Surgery is never easily considered, but in some cases, and despite the best attempts at bracing, the curves of the spine abnormality progress to such an extent that only surgical intervention can stop the progression. Spinal surgery is extensive, and this type of surgery halts the growth of the spine in the areas of the fusion. For these specific cases, surgery will only be considered, if needed, towards the end of the growth phase.

What is hyper-kyphosis?

Also known as roundback or hunchback, Kyphosis is a condition in which the spine in the upper back has an excessive curvature. Should you have Kypnosis there may be a visible hump on your upper back, and from the side, your upper back may be noticeably rounded or protruding. People with kyphosis will appear to be slouching and have noticeable rounding of the shoulders. Kyphosis can lead to excess pressure on the spine, which may cause pain. It may also lead to breathing difficulties due to pressure put on the lungs.

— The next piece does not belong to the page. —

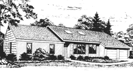 Diagonal and vertical cedar siding, wood shingles and brick veneer add definition to this appealing one-story home. Although a modest 1615 sq ft, I designed it to feelsand live larger. The living and dining rooms flow together beneath a 16-ft.-high cathedral ceiling. Skylights and picture windows brighten the area, which is warmed by an optional three-way fireplace that is shared with the family room. A convenient island separates the kitchen from the breakfast room, which boasts a 15-ft. ceiling. Construction blueprints include slab and basement/crawl space versions.
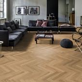 Oak AB, a 2-layer construction, is a clean oak with some colour variation and small knots with a matt finish. The product is delivered with both left and right version in the bundles for herringbone installation.

What causes hyper-kyphosis?

Hyper-Kyphosis can affect people of all ages, and it rarely occurs in newborns since poor posture is usually the cause. Hyper-Kyphosis caused by poor posture is called postural kyphosis.

Poor posture in childhood, like slouching, leaning back in chairs, and carrying a heavy schoolbag, may cause the ligaments and muscles that support the vertebrae to stretch. That can pull the thoracic vertebrae out of their normal position, which can then result in kyphosis. Other potential causes of hyper-kyphosis can include:

  • aging, especially if you have poor posture
  • muscle weakness in the upper part of the back
  • Scheuermann’s disease, which occurs in children and has no known cause
  • Scoliosis
  • arthritis or other bone deterioration diseases 
  • osteoporosis, or when there is a loss of bone strength due to age
  • an injured spine 
  • slipped discs
What are the treatment options for hyper-kyphosis?

The treatment for kyphosis will depend on the severity and underlying cause. Treatment could include regular x-rays to monitor progression on the curve, physical therapy, and a back brace. For congenital kyphosis, which is a severe case of Scheuermann’s kyphosis, spinal fusion surgery may be recommended to relieve pain and correct the curvature. Getting treatment to help correct the curvature of your spine could help reduce the risk of complications later on in life, including arthritis and back pain.